*DATA EXCERPTS*.
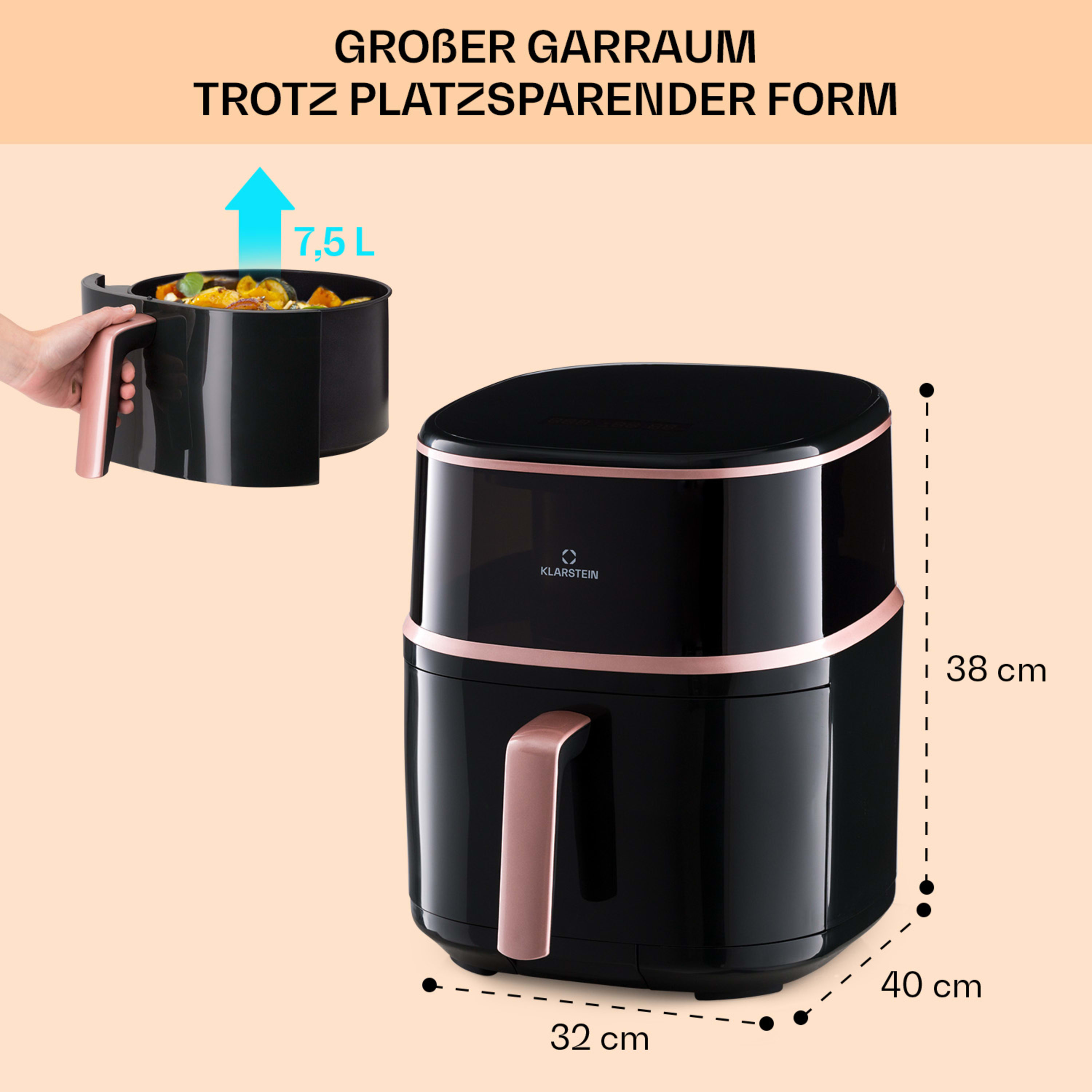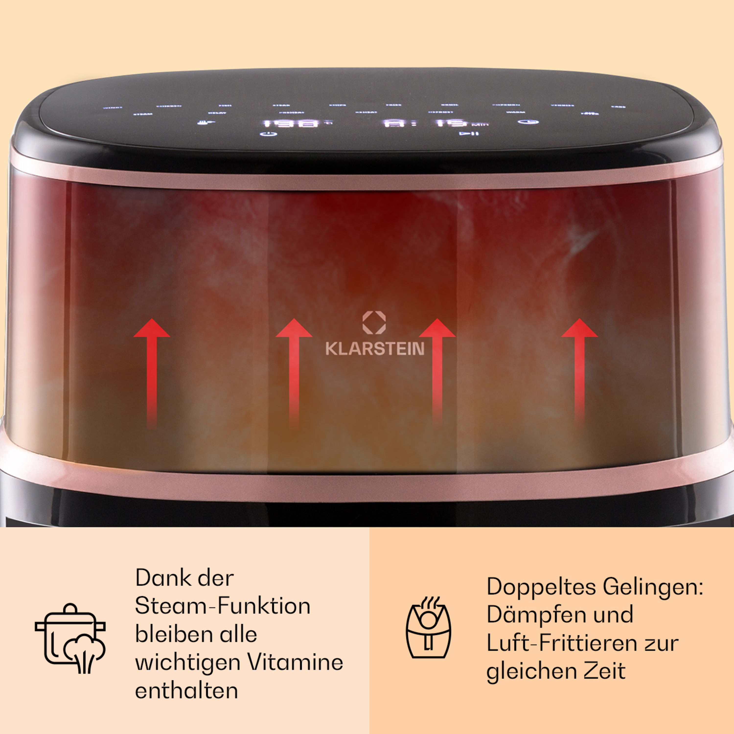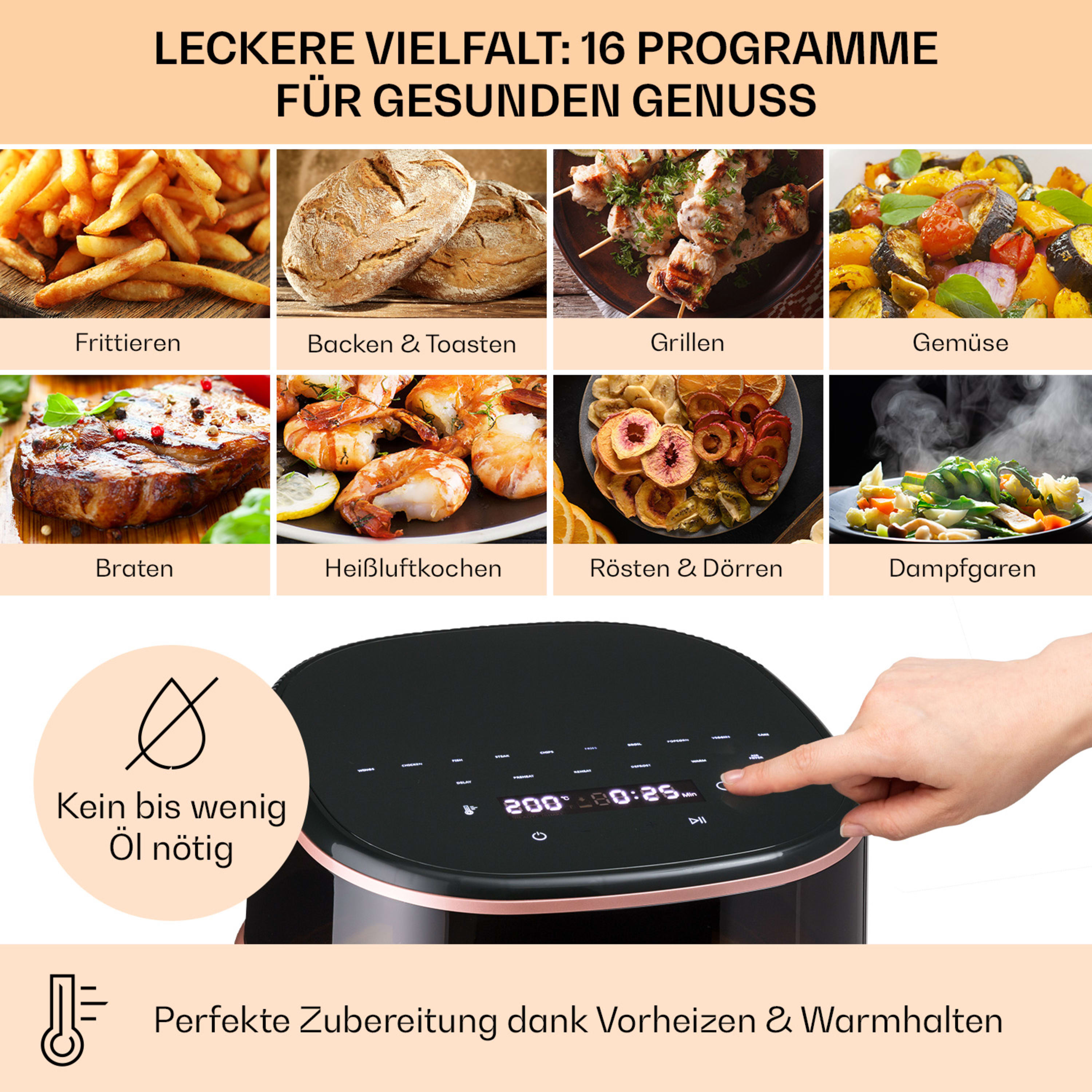 Con la friggitrice ad aria calda Air Bloom di Klarstein la cottura a basso contenuto di grassi non è mai stata così semplice e veloce. Il gusto eccellente viene mantenuto, perché grazie ai 1500 Watt di potenza e alla circolazione dell'aria calda, il calore viene distribuito in modo rapido e ottimale e il contenuto viene cotto delicatamente e rapidamente da tutti i lati. Con l'aiuto dell'elemento riscaldante alogeno, la friggitrice Air Bloom frigge, cuoce, griglia o arrostisce alla perfezione i tuoi cibi preferiti con temperature che vanno da 40 a 200 °C. La funzione vapore commutabile assicura in modo affidabile il contenuto di umidità ideale. Con i suoi 7,5 litri di volume, il cestello di frittura extra large offre spazio sufficiente per preparare una grande quantità di patatine fritte, cosce di pollo, ali di pollo ma anche verdure, pesce e persino torte. 16 programmi selezionabili semplificano il funzionamento e consentono di impostare in modo ottimale ogni metodo di cottura. Inoltre tutte le componenti non elettroniche sono lavabili in lavastoviglie
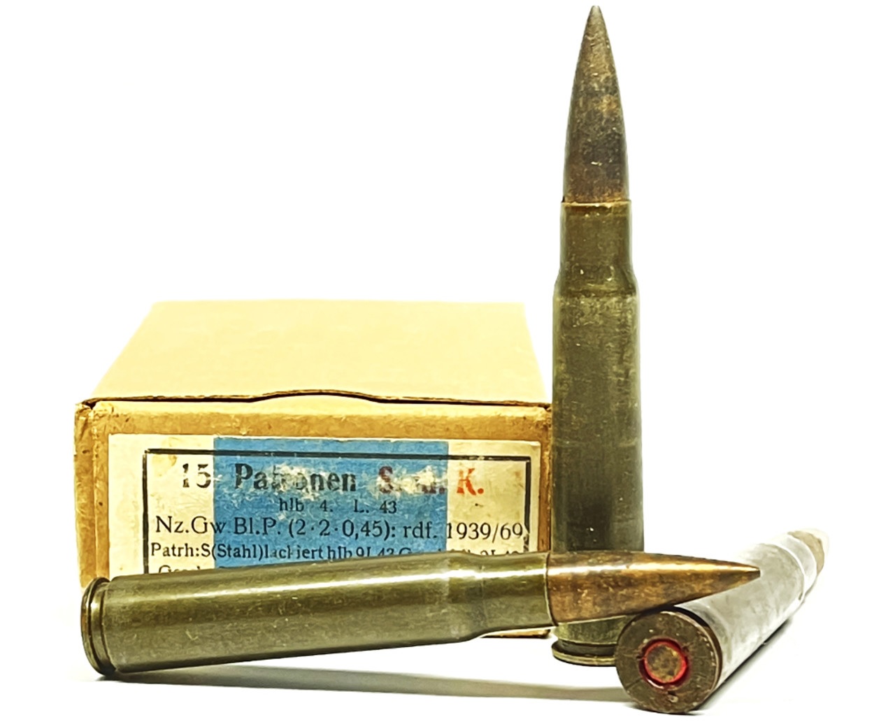 We have here a small batch of original German military surplus 8mm Mauser, made in the early 1940’s during WWII by various German manufacturers.
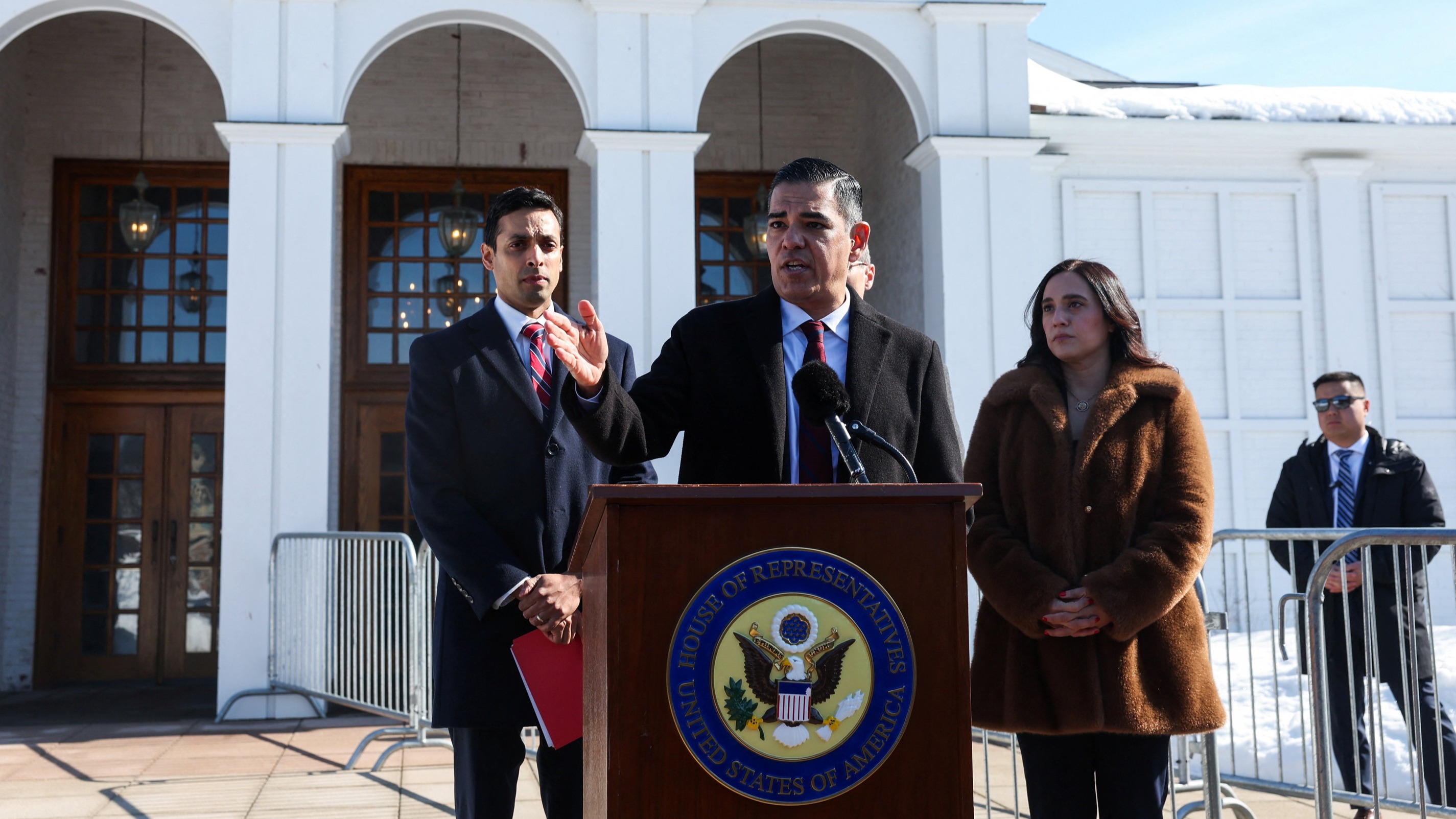 Le Représentant américain Robert Garcia s’exprime le jour de l’audition de l’ancienne Secrétaire d’État Hillary Clinton, au Chappaqua Performing Arts Center à Chappaqua, New York, États-Unis, le 26 février 2026.
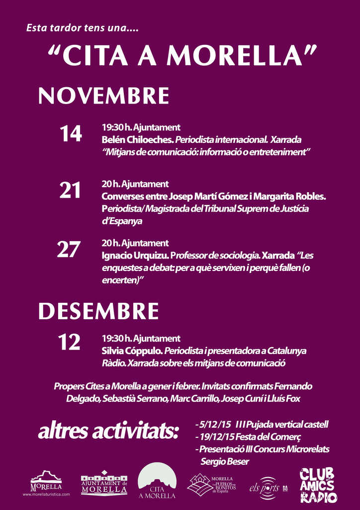 A més, en les pròximes setmanes estaran a la localitat els periodistes Martí Gómez i Silvia Cóppulo, la magistrada del Tribunal Suprem d’Espanya, Margarita Robles, i el sociòleg Ignacio Urquizu. A més, l’agenda d’aquest cap de setmana porta més activitats, com l’excursió senderista per Pereroles, la visita a l’Observatori Astronòmic o el dia de la gent gran, amb el concert de la Rondalla de Morella de diumenge a la vesprada.
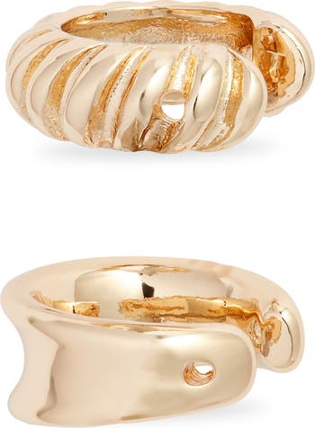 These polished ear cuffs are shaped with ribbed and concave silhouette that bring dimensional shine to your ears.
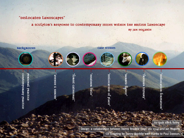 Jan Hogarth (1999) worked with a multimedia design student to create the multimedia CD-ROM element of her thesis (which also included a paper element). The multimedia is mostly a descriptive analysis of her series of seven artworks, with some references to background and contextual work by other artists. It uses some links between related sections, but doesn't use hypertext extensively. The paper element included pages from her artist's sketchbook, which combine drawings, photos and text (low-tech multimedia?) Making multimedia with software such as Director demands a higher level of knowledge than PDF or HTML, but enables some more sophisticated visual effects. |
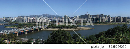漢江大橋とノドゥル島、漢江鉄橋(龍鳳亭近隣公園からの眺望)
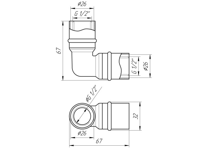 Габариты : 26*26 на 26 металлопластиковую трубу

*ASSIGNMENT*.
Exact copy, no pictures: set down all the entries again as they stand.

*RESPONSE TO THE EXERCISE*.
 Con la friggitrice ad aria calda Air Bloom di Klarstein la cottura a basso contenuto di grassi non è mai stata così semplice e veloce. Il gusto eccellente viene mantenuto, perché grazie ai 1500 Watt di potenza e alla circolazione dell'aria calda, il calore viene distribuito in modo rapido e ottimale e il contenuto viene cotto delicatamente e rapidamente da tutti i lati. Con l'aiuto dell'elemento riscaldante alogeno, la friggitrice Air Bloom frigge, cuoce, griglia o arrostisce alla perfezione i tuoi cibi preferiti con temperature che vanno da 40 a 200 °C. La funzione vapore commutabile assicura in modo affidabile il contenuto di umidità ideale. Con i suoi 7,5 litri di volume, il cestello di frittura extra large offre spazio sufficiente per preparare una grande quantità di patatine fritte, cosce di pollo, ali di pollo ma anche verdure, pesce e persino torte. 16 programmi selezionabili semplificano il funzionamento e consentono di impostare in modo ottimale ogni metodo di cottura. Inoltre tutte le componenti non elettroniche sono lavabili in lavastoviglie
 We have here a small batch of original German military surplus 8mm Mauser, made in the early 1940’s during WWII by various German manufacturers.
 Le Représentant américain Robert Garcia s’exprime le jour de l’audition de l’ancienne Secrétaire d’État Hillary Clinton, au Chappaqua Performing Arts Center à Chappaqua, New York, États-Unis, le 26 février 2026.
 A més, en les pròximes setmanes estaran a la localitat els periodistes Martí Gómez i Silvia Cóppulo, la magistrada del Tribunal Suprem d’Espanya, Margarita Robles, i el sociòleg Ignacio Urquizu. A més, l’agenda d’aquest cap de setmana porta més activitats, com l’excursió senderista per Pereroles, la visita a l’Observatori Astronòmic o el dia de la gent gran, amb el concert de la Rondalla de Morella de diumenge a la vesprada.
 These polished ear cuffs are shaped with ribbed and concave silhouette that bring dimensional shine to your ears.
 Jan Hogarth (1999) worked with a multimedia design student to create the multimedia CD-ROM element of her thesis (which also included a paper element). The multimedia is mostly a descriptive analysis of her series of seven artworks, with some references to background and contextual work by other artists. It uses some links between related sections, but doesn't use hypertext extensively. The paper element included pages from her artist's sketchbook, which combine drawings, photos and text (low-tech multimedia?) Making multimedia with software such as Director demands a higher level of knowledge than PDF or HTML, but enables some more sophisticated visual effects. |
漢江大橋とノドゥル島、漢江鉄橋(龍鳳亭近隣公園からの眺望)
 Габариты : 26*26 на 26 металлопластиковую трубу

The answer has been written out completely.